An android app is also under development.

I think this is a nice alternative to motionEyeOs which is no longer developed.


I use motioneye on a cheap pi zero w to monitor my wife's pottery kiln. It's great! I haven't tested it for storage/retrieval though.

I use motionEye to monitor RTSP feed from two IP cameras (Generic) on RPi 3(SSD, btrfs, zswap, ArchLinux ARM - headless, passive cooling - heat sink case) the feed averages around 30fps(720p) with motion detection. I had a third logitech c720 via USB but removed it to get better frame rates for the former and make room(CPU) for a SDR setup(To receive 433Mhz from other sensors).

Note: Generic IP cameras dial home for public identification on their apps and also would never receive security updates. I had to meticulously block all open ports using firewall. If you feel that's too much of risk, then I would suggest building a camera setup with RPi camera or ESP camera yourself to be used with motionEye.


Tried out Shinobi, Motion Eye, Zoneminder, and Blue Iris. Ended up using Zoneminder due to easy mobile usage (not Shinobi, or MotionEye on iOS) and being docker friendly (not Blue Iris).

Hardware: raspberry pi zero running gstreamer rtsp streams. Didn't want to deal with all the terrible cameras phoning some random server.

Mobile App: zmNinja. $5.00. Worth it in my opinion. Motion notifications, event montage review, live streams, everything I need. HomeAssistant assists in enabling motion detection recording when our phones are not detected at home.


There are a few projects out there [0][1] that make it fairly simple to set up a motion detection capable solution with a simple USB webcam. I'm currently waiting on a cheap infrared camera from China ($4!) for use with my Pi, but I've done testing with an older Logitech HD camera and have had excellent results.

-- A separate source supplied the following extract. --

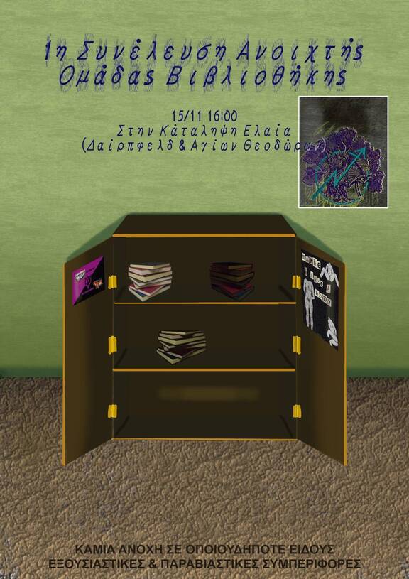 Το Σάββατο που μας έρχεται στις 16:00 καλούμε στη 1η συνέλευση της ανοιχτής ομάδας βιβλιοθήκης, ενός εγχειρήματος που επιθυμούμε να συλλογικοποιήσει το όποιο εσωτερικό βίωμα της επαφής με τα βιβλία, zines, περιοδικά και με το αρχείο της κατάληψης.

[0] Motion: http://lavrsen.dk/foswiki/bin/view/Motion/WebHome

[1] MotionEye: https://github.com/ccrisan/motioneye


Outside of off the cuff experiments, most of my Pis are provisioned as MotionEyeOS[0] security cams. Each client can be linked into a central "server" so you can view them all at once, and lots of nice config options for storing or sending image and video either continuously or based on motion. I have the streaming set up so I can peek in from anywhere using VLC on my phone.

[0] https://github.com/ccrisan/motioneyeos/wiki


I have run a Raspberry Pi Zero W with 5mp camera and MotionEye software outside for 3 Christmas seasons to control an animated display. I trigger on movement and capture still and video images to the SD card and automatically upload them over WiFi to my ftp server. I can monitor a live stream anytime too. MotionEye does everything.

This setup runs in a small waterproof enclosure and runs a bit warm (35-45C) that dissipates any condensation or rain on the fisheye lens. This might help you with snow accumulation.